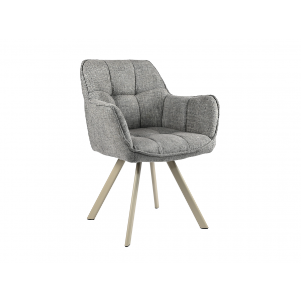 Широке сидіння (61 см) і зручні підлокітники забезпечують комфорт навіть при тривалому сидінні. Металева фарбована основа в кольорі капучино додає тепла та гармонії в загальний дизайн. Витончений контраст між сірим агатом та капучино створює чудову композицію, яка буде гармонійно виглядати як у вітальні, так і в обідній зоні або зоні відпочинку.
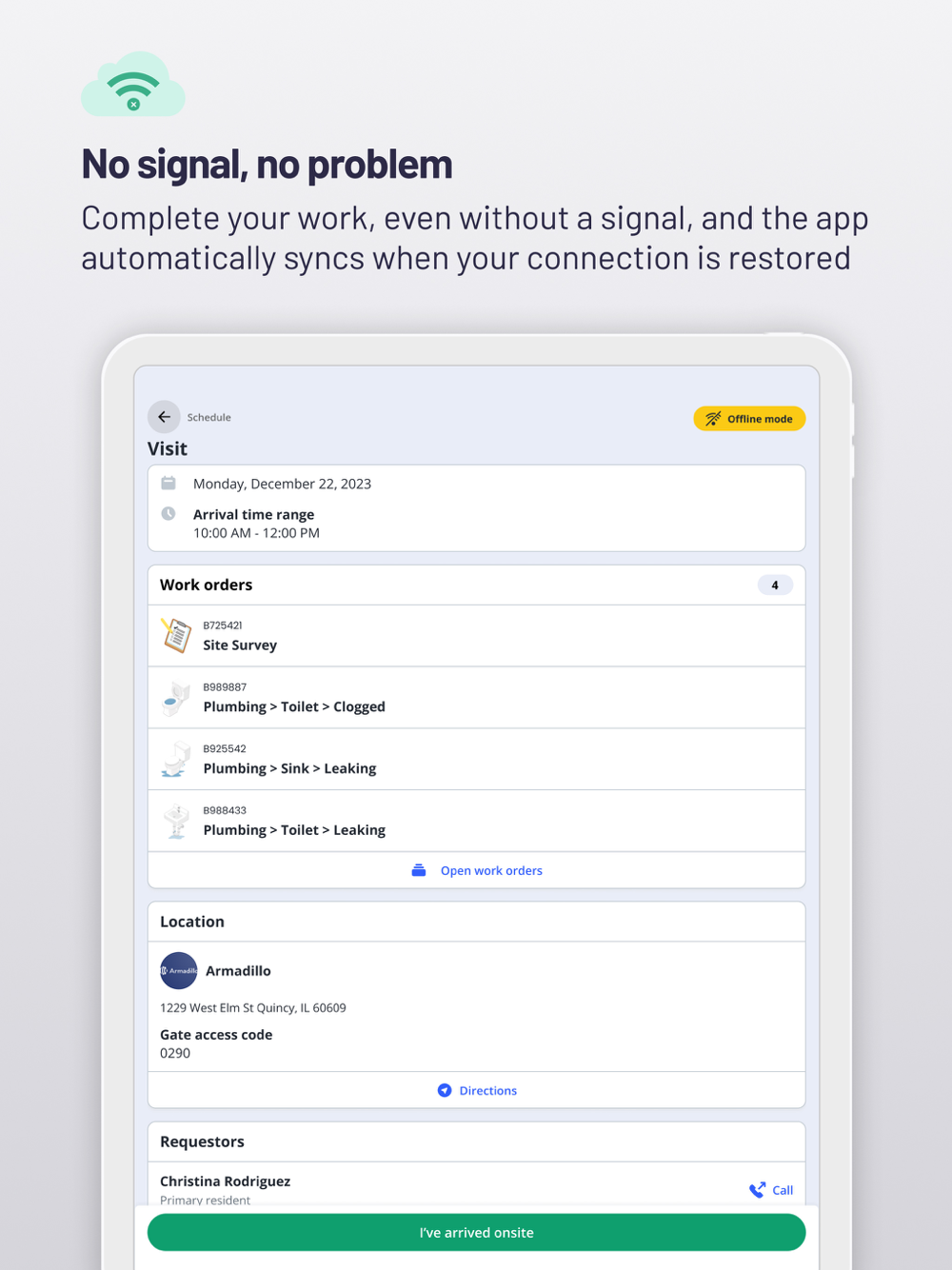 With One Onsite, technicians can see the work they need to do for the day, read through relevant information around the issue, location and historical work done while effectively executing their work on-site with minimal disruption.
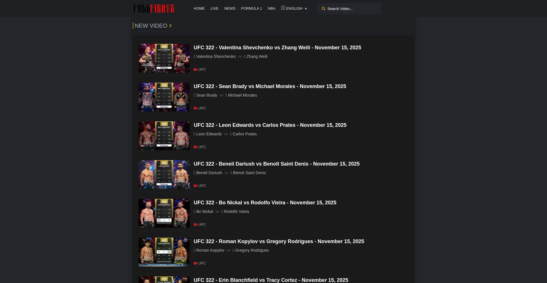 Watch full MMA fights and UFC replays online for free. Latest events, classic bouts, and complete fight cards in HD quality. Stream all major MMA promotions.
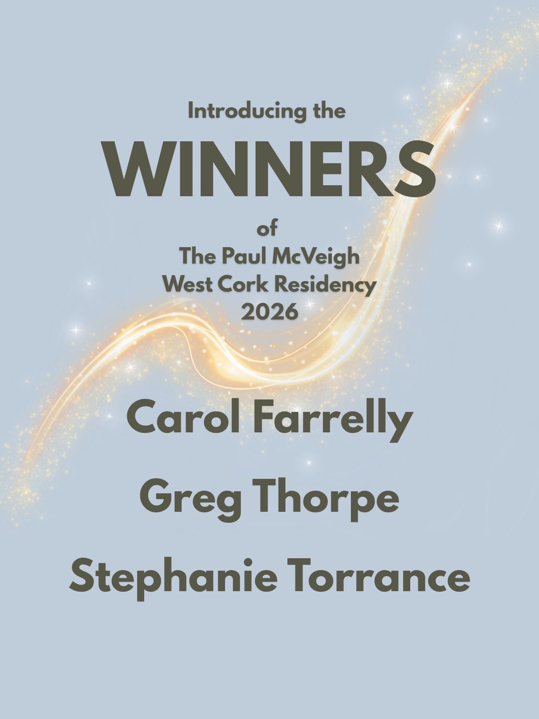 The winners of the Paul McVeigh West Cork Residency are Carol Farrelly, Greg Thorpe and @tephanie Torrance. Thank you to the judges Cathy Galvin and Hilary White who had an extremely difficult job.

────────────────────────────────────────

Exercise: Copy all of the material word for word, and include none of its pictures.

Response:
 Широке сидіння (61 см) і зручні підлокітники забезпечують комфорт навіть при тривалому сидінні. Металева фарбована основа в кольорі капучино додає тепла та гармонії в загальний дизайн. Витончений контраст між сірим агатом та капучино створює чудову композицію, яка буде гармонійно виглядати як у вітальні, так і в обідній зоні або зоні відпочинку.
 With One Onsite, technicians can see the work they need to do for the day, read through relevant information around the issue, location and historical work done while effectively executing their work on-site with minimal disruption.
 Watch full MMA fights and UFC replays online for free. Latest events, classic bouts, and complete fight cards in HD quality. Stream all major MMA promotions.
 The winners of the Paul McVeigh West Cork Residency are Carol Farrelly, Greg Thorpe and @tephanie Torrance. Thank you to the judges Cathy Galvin and Hilary White who had an extremely difficult job.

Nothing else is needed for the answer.